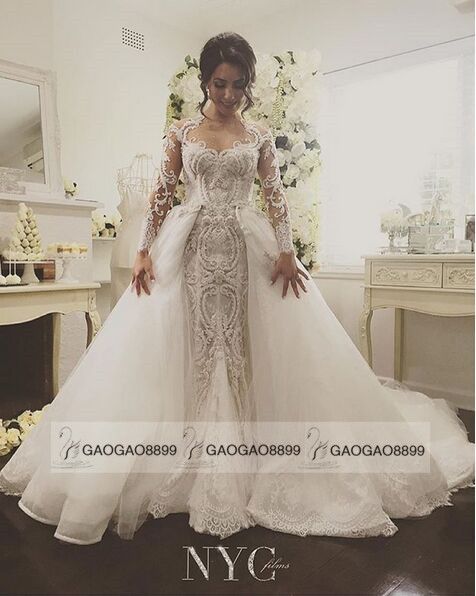 Chady 2019 High Slit Lace Mermaid Wedding Dresses With Detachable Lace Mermaid Wedding Dress With Detachable Skirt
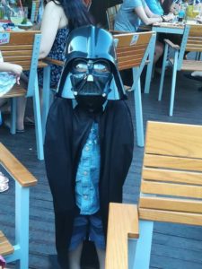 Inainte de Jackson Storm si Transformers, a fost era Star Wars. Avem peste 20 de figurine, Andrei ii stie pe toti, stie cine a omorat pe cine si ce vor de la viata asta. Avem periuta de dinti cu capul lui Darth Vader, carte cu povestea lui Darth Vader, costum cu Darth Vader, nu-stiu-cate sabii Laser, mai nou adidasi cu Darth Vader, tricouri.
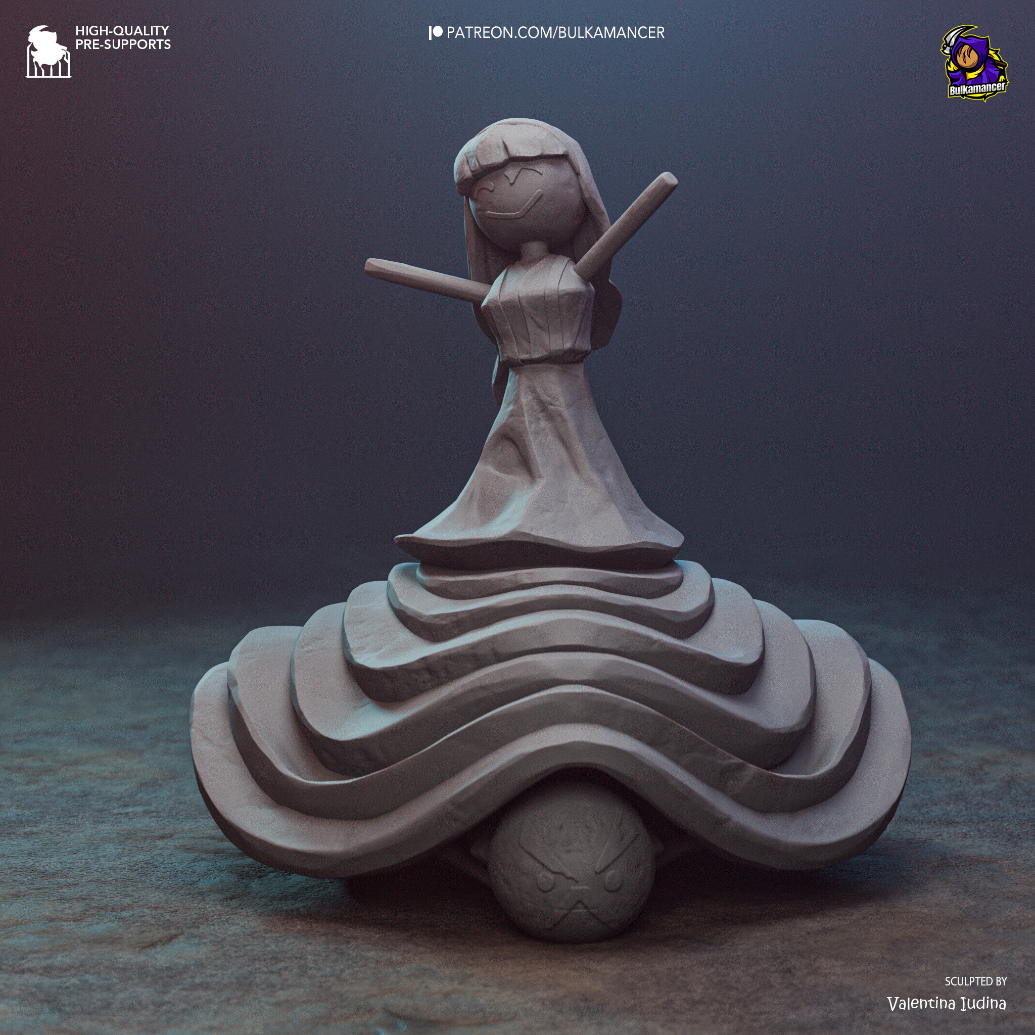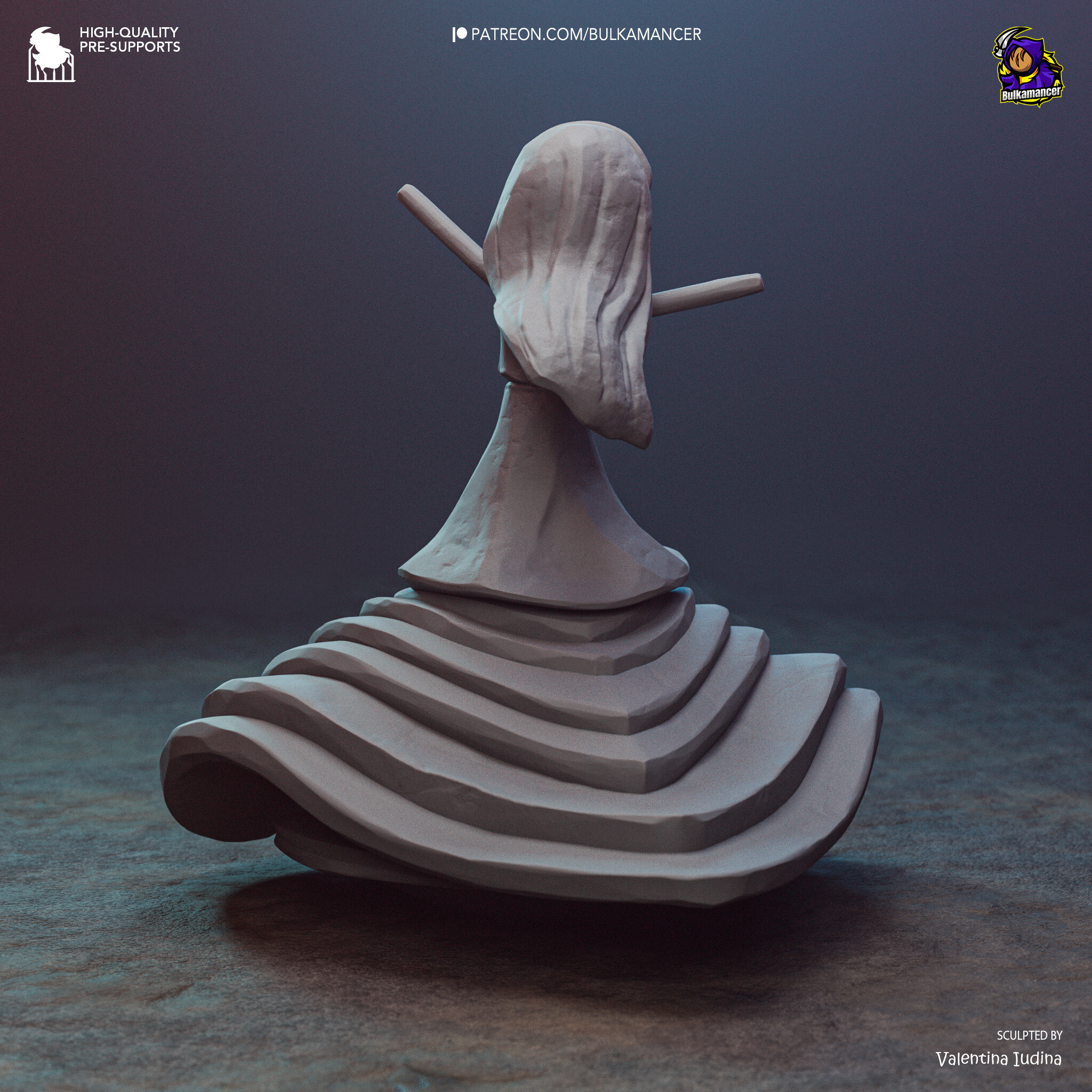 Wysokiej jakości, szczegółowa figurka wydrukowana w rozdzielczości 12K z żywicy Sunluu w kolorze szarym.
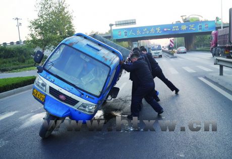 三轮车路边侧翻众警民携手扶正
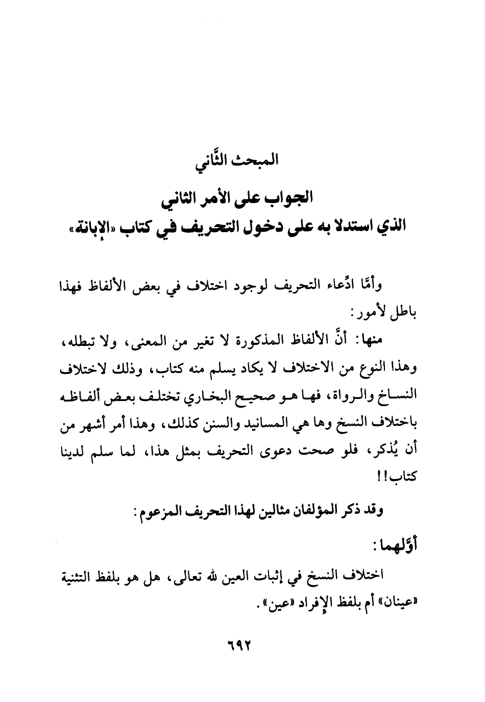 الجواب على الأمر الثاني الذي استدلا به على دخول التحريف في كتاب "الإبانة"
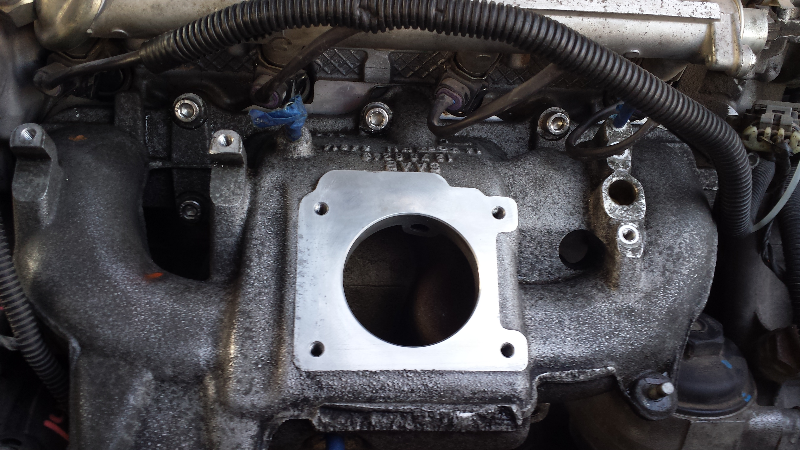 Also enlarged the lk9 manifold holes to fit the lsj manifold bolts and test fitted it with the phenolic spacer i had already. Fit nice and snug! Will need to buy 2 more bolts the same size since the ones i had were for the lsj intake manifold. Easy peasy.
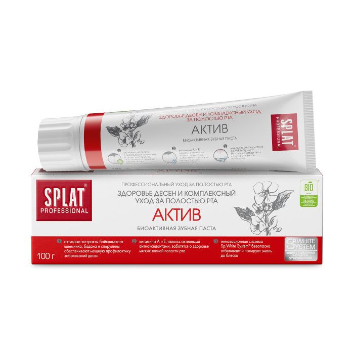 Зубная паста SPLAT Professional «Актив» (ACTIVE) комплексно ухаживает за зубами и чувствительными деснами, применяется для профилактики пародонтита. Экстракты байкальского шлемника, бадана и спирулины оказывают мощное противовоспалительное действие. Витамины А и Е способствуют заживлению мягких тканей полости рта. Глицерофосфат кальция укрепляет эмаль. Фторид-ионы эффективно защищают от кариеса. Отбеливающий комплекс Sp.White system бережно очищает и полирует эмаль до блеска.

§ §

▸ **Task directions**: Every line of the data above should be returned exactly, with the pictures removed.

▸ **Final answer**:
 Chady 2019 High Slit Lace Mermaid Wedding Dresses With Detachable Lace Mermaid Wedding Dress With Detachable Skirt
 Inainte de Jackson Storm si Transformers, a fost era Star Wars. Avem peste 20 de figurine, Andrei ii stie pe toti, stie cine a omorat pe cine si ce vor de la viata asta. Avem periuta de dinti cu capul lui Darth Vader, carte cu povestea lui Darth Vader, costum cu Darth Vader, nu-stiu-cate sabii Laser, mai nou adidasi cu Darth Vader, tricouri.
 Wysokiej jakości, szczegółowa figurka wydrukowana w rozdzielczości 12K z żywicy Sunluu w kolorze szarym.
 三轮车路边侧翻众警民携手扶正
 الجواب على الأمر الثاني الذي استدلا به على دخول التحريف في كتاب "الإبانة"
 Also enlarged the lk9 manifold holes to fit the lsj manifold bolts and test fitted it with the phenolic spacer i had already. Fit nice and snug! Will need to buy 2 more bolts the same size since the ones i had were for the lsj intake manifold. Easy peasy.
 Зубная паста SPLAT Professional «Актив» (ACTIVE) комплексно ухаживает за зубами и чувствительными деснами, применяется для профилактики пародонтита. Экстракты байкальского шлемника, бадана и спирулины оказывают мощное противовоспалительное действие. Витамины А и Е способствуют заживлению мягких тканей полости рта. Глицерофосфат кальция укрепляет эмаль. Фторид-ионы эффективно защищают от кариеса. Отбеливающий комплекс Sp.White system бережно очищает и полирует эмаль до блеска.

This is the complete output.